● Your objective:
Set every entry below down once more, exactly as it stands, without images.

----

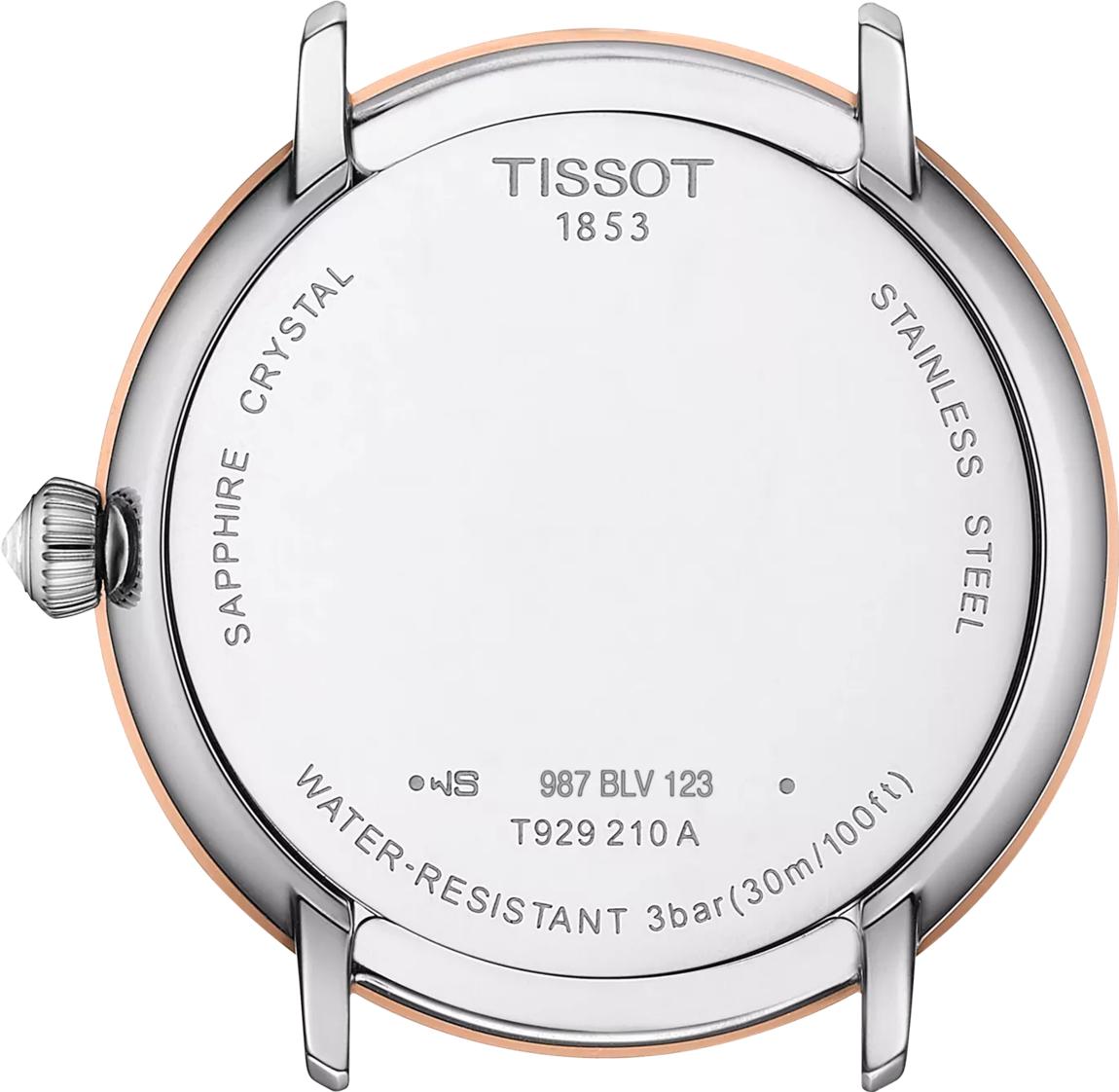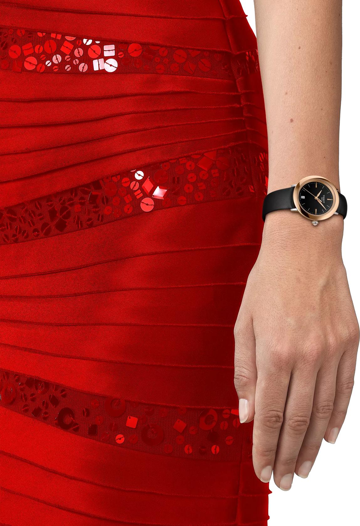 Изысканные оригинальные часы Tissot Glendora T929.210.46.051.00 — аксессуар, созданный для активных женщин, которые хотят подчеркнуть свое очарование роскошным и современным часовым изделием. Эти швейцарские часы выполнены в круглом корпусе из нержавеющей стали 316L, дополненном безелем из 18-каратного розового золота, что придает им особый шарм. Современный дизайн подчеркивается деталями: заводная головка украшена кабошоном в форме пирамиды, а противовес секундной стрелки скелетонизирован. Элегантность черного циферблата с индексами защищена устойчивым к появлению царапин сапфировым стеклом. Сердце модели — швейцарский кварцевый механизм калибра 10 1/2''' (диаметр 23.3 мм) с функцией EOL (индикатор окончания срока службы батареи), работающий от батареи Renata 371. Вес изделия составляет 40 г, а его габариты — длина 33 мм, ширина 33 мм и толщина 7.57 мм. Расстояние между ушками корпуса — 16 мм. Модель комплектуется черным кожаным ремешком с раскладной застежкой-бабочкой с кнопками, его длина 12h составляет 70 мм, а длина 6h — 105 мм. Часы имеют водонепроницаемость до давления 3 бар (30 м/100 футов), что обеспечивает минимальную защиту от мелких брызг, но они не предназначены для погружения в воду. Эти женские часы идеально подойдут для тех, кто ценит в аксессуарах сочетание качества и современного стиля.
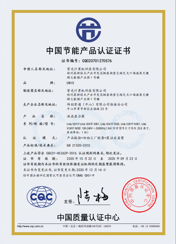 • 節(jié)能產(chǎn)品證書編號:CQC20701270576
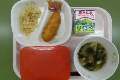 今日の給食は、白身魚フライ・ソース、ごま酢和え、小松菜のみそ汁、ごはん、牛乳でした。エネルギー589kcal、たんぱく質21.4g、脂質18.0gでした。ごちそうさまでした。
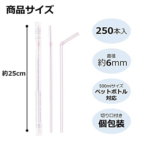 単品・クリアストライプ 直径約6mm×長さ25cm F-591・・Color:クリアストライプPatternName:250本・【 ストロー ロング 】500mlのペットボトルに入れたままキャップが閉められるロングタイプのストローです。・【 個包装 】透明OPPポリ袋入りなので、水に濡れても破れず清潔に使用でき、衛生的に保管できます。・【 大容量 】業務用として、またご家庭でもご使用いただけます。・本体サイズ:約直径0.6×長さ25cm・本体重量:0.001Kg説明 ●500mlのペットボトルに入れたまま、キャップが閉められるロングタイプのストローです。 ●たっぷり使える、250本入り。 ●個包装なので、清潔に使用できます。 ●切り口がついているので、取り出しが簡単です。 ●使いたい部分をカットして使用することも可能です。 ●色々な大きさのカップにご使用いただけます。(画像はそのままの長さです)
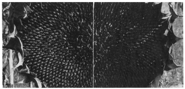 Nella doppia pagina successiva, vediamo questo girasole/stella in primo piano (fig. 3). Voltando ancora pagina, ci avviciniamo ulteriormente: siamo quasi completamente assorbiti nel disco scuro del fiore, che brilla nella luce radente.³
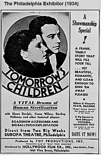 Philadelphia advertisement for Hollywood Film Exchange, 1220 Vine, TOMORROW’S CHILDREN, sterilization, Foy Productions, ballyhoo, Vine Street, Film Row, PHILADELPHIA EXHIBITOR 1934
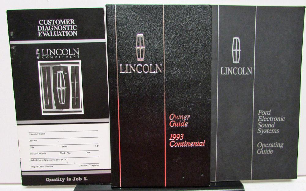 Original 1993 Lincoln Continental Owner's Manual. This Manual gives Care, Maintenance and Operation Instructions for these Models. It is in excellent condition. It includes the Sound System and Customer Diagnostic Evaluation Booklets. Very rare and informative piece of automotive history that will display well.
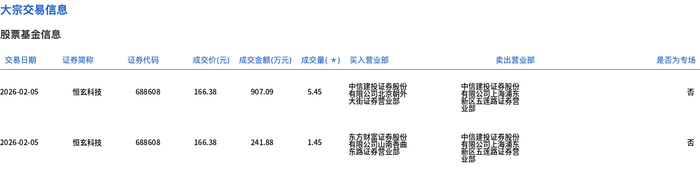 | 交易日期 | 证券简称 | 证券代码 | 成交价(元) 成交金额(万元) 成交量( *) 买入营业部 | | | | | 类出管业部 | 是否为专场 | | --- | --- | --- | --- | --- | --- | --- | --- | --- | --- | | 2026-02-05 | 恒玄科技 | 8098888 | 166.38 | 907.09 | 5.45 | 有限公司 上一篇 大街证券营业 | 中信建投资贸股份 सर एक | | Ka | | 2026-02-05 | 恒玄科技 | 688608 | 166.38 241.88 看餐 到出品餐饮 | | 1.45 | | 中信建投证券股份 | | Ka | 2月5日,恒玄科技大宗交易成交6.9万股,成交额1148.97万元,占当日总成交额的2.38%,成交价166.38 元,较市场收盘价208.99元折价20.39%。 ...
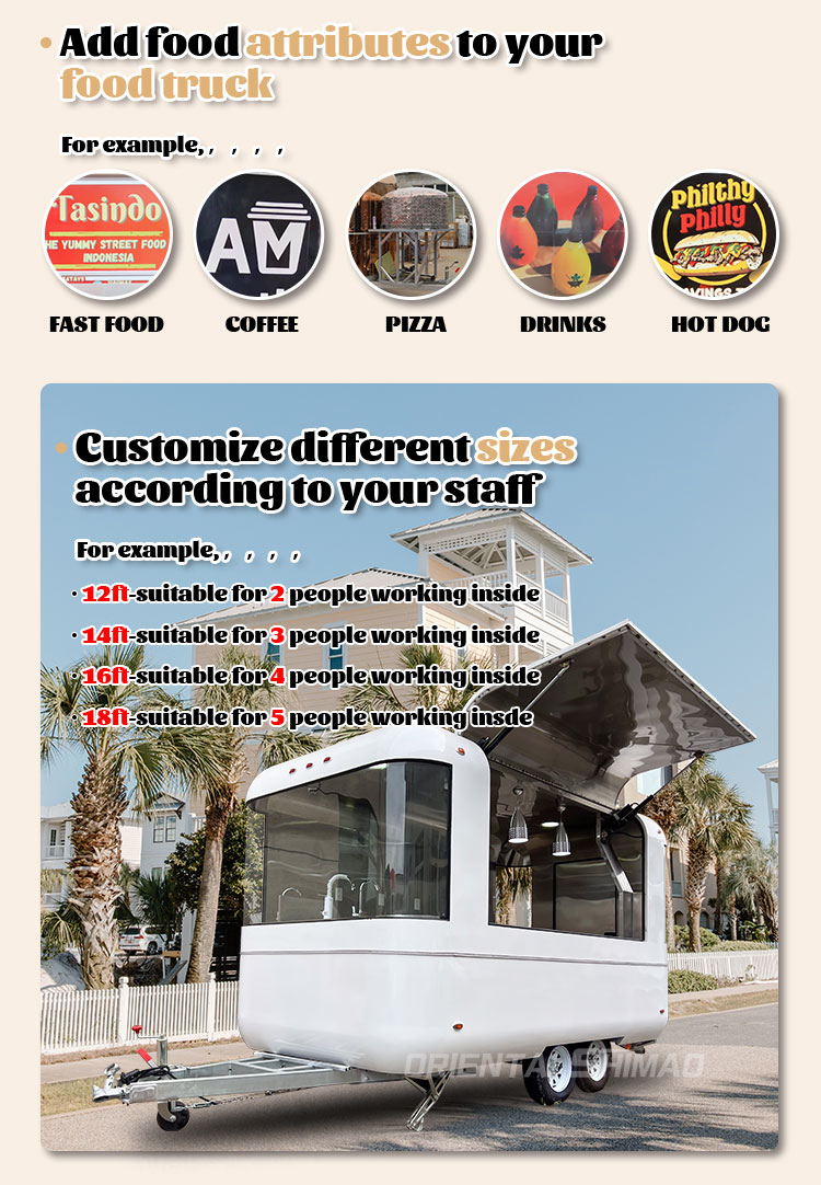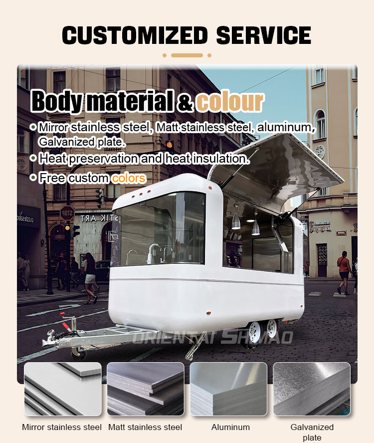 Mallinnus ja tyyli: Food truckin ulkonäön mallinnus ja tyyli on tärkeä tekijä asiakkaiden houkuttelemisessa. Se voidaan räätälöidä asiakkaiden tuotekuvan, liiketoiminnan ominaisuuksien tai henkilökohtaisten mieltymysten mukaan, kuten virtaviivainen muotoilu, retrotyyli, moderni yksinkertaisuus ja niin edelleen.
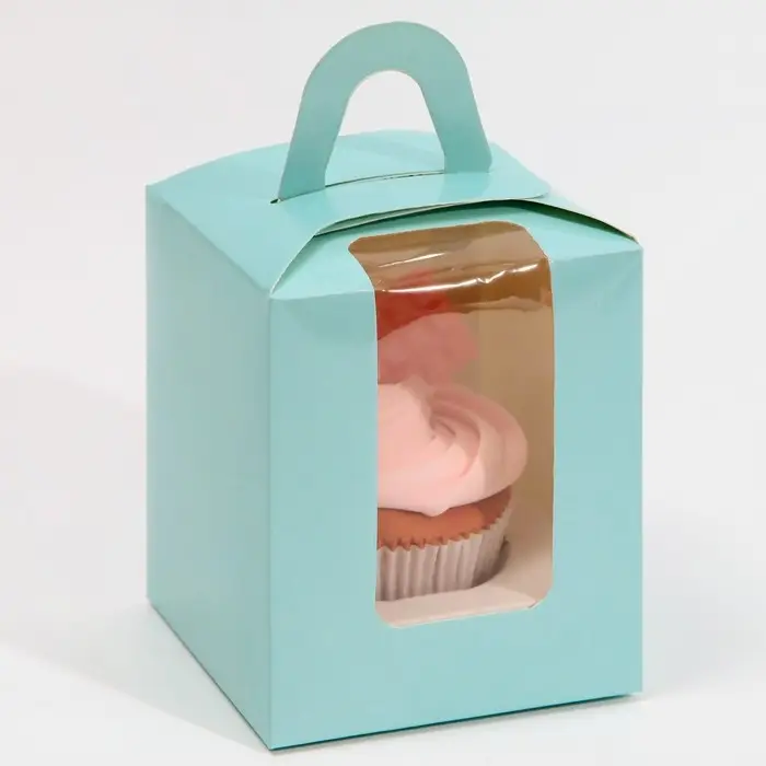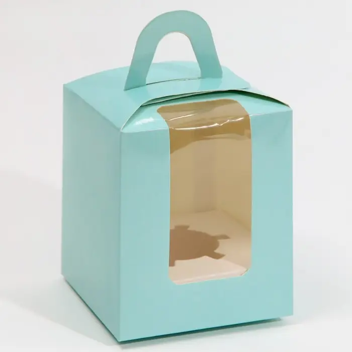 Коробка для капкейков, кондитерская упаковка, 1 ячейка «Голубой», 9 х 9 х 11 см
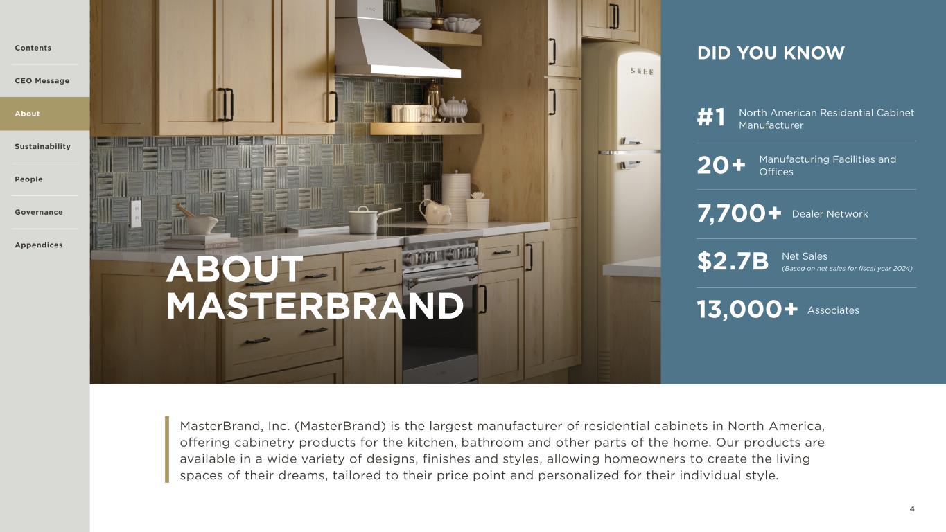 4 ABOUT MASTERBRAND MasterBrand, Inc. (MasterBrand) is the largest manufacturer of residential cabinets in North America, offering cabinetry products for the kitchen, bathroom and other parts of the home. Our products are available in a wide variety of designs, finishes and styles, allowing homeowners to create the living spaces of their dreams, tailored to their price point and personalized for their individual style. DID YOU KNOW North American Residential Cabinet Manufacturer #1 20+ 7,700+ $2.7B 13,000+ Manufacturing Facilities and Offices Dealer Network Net Sales (Based on net sales for fiscal year 2024) Associates Contents CEO Message About Sustainability Governance Appendices People
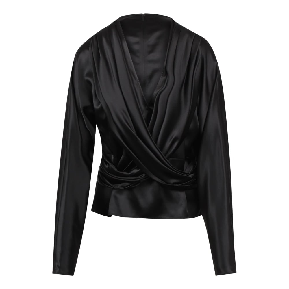 Nina Ricci, Blusar & Skjortor , Dam, S, Draperad V-ringad blus i satin
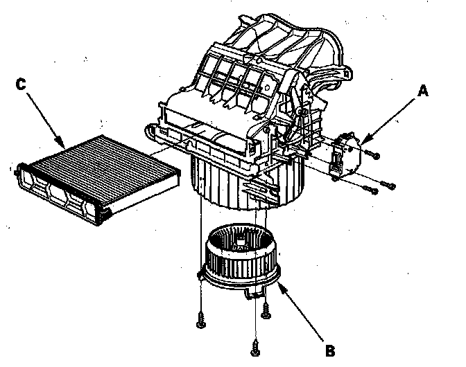 - The recirculation control motor (A), blower motor (B) and the dust arid pollen filter (C) can be replaced without removing the blower unit.
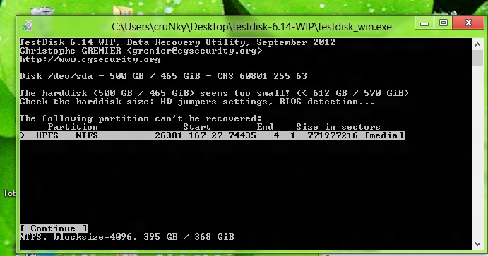 Dazu finde ich die Zahlen, die der Testdisk anzeigt irre. Die letzten vor dem Partitionsnamen sind doch die Größe? Da soll die PArtition auf der 500gb platte 771gb groß sein O.o...

----

● Result of the task:
 Изысканные оригинальные часы Tissot Glendora T929.210.46.051.00 — аксессуар, созданный для активных женщин, которые хотят подчеркнуть свое очарование роскошным и современным часовым изделием. Эти швейцарские часы выполнены в круглом корпусе из нержавеющей стали 316L, дополненном безелем из 18-каратного розового золота, что придает им особый шарм. Современный дизайн подчеркивается деталями: заводная головка украшена кабошоном в форме пирамиды, а противовес секундной стрелки скелетонизирован. Элегантность черного циферблата с индексами защищена устойчивым к появлению царапин сапфировым стеклом. Сердце модели — швейцарский кварцевый механизм калибра 10 1/2''' (диаметр 23.3 мм) с функцией EOL (индикатор окончания срока службы батареи), работающий от батареи Renata 371. Вес изделия составляет 40 г, а его габариты — длина 33 мм, ширина 33 мм и толщина 7.57 мм. Расстояние между ушками корпуса — 16 мм. Модель комплектуется черным кожаным ремешком с раскладной застежкой-бабочкой с кнопками, его длина 12h составляет 70 мм, а длина 6h — 105 мм. Часы имеют водонепроницаемость до давления 3 бар (30 м/100 футов), что обеспечивает минимальную защиту от мелких брызг, но они не предназначены для погружения в воду. Эти женские часы идеально подойдут для тех, кто ценит в аксессуарах сочетание качества и современного стиля.
 • 節(jié)能產(chǎn)品證書編號:CQC20701270576
 今日の給食は、白身魚フライ・ソース、ごま酢和え、小松菜のみそ汁、ごはん、牛乳でした。エネルギー589kcal、たんぱく質21.4g、脂質18.0gでした。ごちそうさまでした。
 単品・クリアストライプ 直径約6mm×長さ25cm F-591・・Color:クリアストライプPatternName:250本・【 ストロー ロング 】500mlのペットボトルに入れたままキャップが閉められるロングタイプのストローです。・【 個包装 】透明OPPポリ袋入りなので、水に濡れても破れず清潔に使用でき、衛生的に保管できます。・【 大容量 】業務用として、またご家庭でもご使用いただけます。・本体サイズ:約直径0.6×長さ25cm・本体重量:0.001Kg説明 ●500mlのペットボトルに入れたまま、キャップが閉められるロングタイプのストローです。 ●たっぷり使える、250本入り。 ●個包装なので、清潔に使用できます。 ●切り口がついているので、取り出しが簡単です。 ●使いたい部分をカットして使用することも可能です。 ●色々な大きさのカップにご使用いただけます。(画像はそのままの長さです)
 Nella doppia pagina successiva, vediamo questo girasole/stella in primo piano (fig. 3). Voltando ancora pagina, ci avviciniamo ulteriormente: siamo quasi completamente assorbiti nel disco scuro del fiore, che brilla nella luce radente.³
 Philadelphia advertisement for Hollywood Film Exchange, 1220 Vine, TOMORROW’S CHILDREN, sterilization, Foy Productions, ballyhoo, Vine Street, Film Row, PHILADELPHIA EXHIBITOR 1934
 Original 1993 Lincoln Continental Owner's Manual. This Manual gives Care, Maintenance and Operation Instructions for these Models. It is in excellent condition. It includes the Sound System and Customer Diagnostic Evaluation Booklets. Very rare and informative piece of automotive history that will display well.
 | 交易日期 | 证券简称 | 证券代码 | 成交价(元) 成交金额(万元) 成交量( *) 买入营业部 | | | | | 类出管业部 | 是否为专场 | | --- | --- | --- | --- | --- | --- | --- | --- | --- | --- | | 2026-02-05 | 恒玄科技 | 8098888 | 166.38 | 907.09 | 5.45 | 有限公司 上一篇 大街证券营业 | 中信建投资贸股份 सर एक | | Ka | | 2026-02-05 | 恒玄科技 | 688608 | 166.38 241.88 看餐 到出品餐饮 | | 1.45 | | 中信建投证券股份 | | Ka | 2月5日,恒玄科技大宗交易成交6.9万股,成交额1148.97万元,占当日总成交额的2.38%,成交价166.38 元,较市场收盘价208.99元折价20.39%。 ...
 Mallinnus ja tyyli: Food truckin ulkonäön mallinnus ja tyyli on tärkeä tekijä asiakkaiden houkuttelemisessa. Se voidaan räätälöidä asiakkaiden tuotekuvan, liiketoiminnan ominaisuuksien tai henkilökohtaisten mieltymysten mukaan, kuten virtaviivainen muotoilu, retrotyyli, moderni yksinkertaisuus ja niin edelleen.
 Коробка для капкейков, кондитерская упаковка, 1 ячейка «Голубой», 9 х 9 х 11 см
 4 ABOUT MASTERBRAND MasterBrand, Inc. (MasterBrand) is the largest manufacturer of residential cabinets in North America, offering cabinetry products for the kitchen, bathroom and other parts of the home. Our products are available in a wide variety of designs, finishes and styles, allowing homeowners to create the living spaces of their dreams, tailored to their price point and personalized for their individual style. DID YOU KNOW North American Residential Cabinet Manufacturer #1 20+ 7,700+ $2.7B 13,000+ Manufacturing Facilities and Offices Dealer Network Net Sales (Based on net sales for fiscal year 2024) Associates Contents CEO Message About Sustainability Governance Appendices People
 Nina Ricci, Blusar & Skjortor , Dam, S, Draperad V-ringad blus i satin
 - The recirculation control motor (A), blower motor (B) and the dust arid pollen filter (C) can be replaced without removing the blower unit.
 Dazu finde ich die Zahlen, die der Testdisk anzeigt irre. Die letzten vor dem Partitionsnamen sind doch die Größe? Da soll die PArtition auf der 500gb platte 771gb groß sein O.o...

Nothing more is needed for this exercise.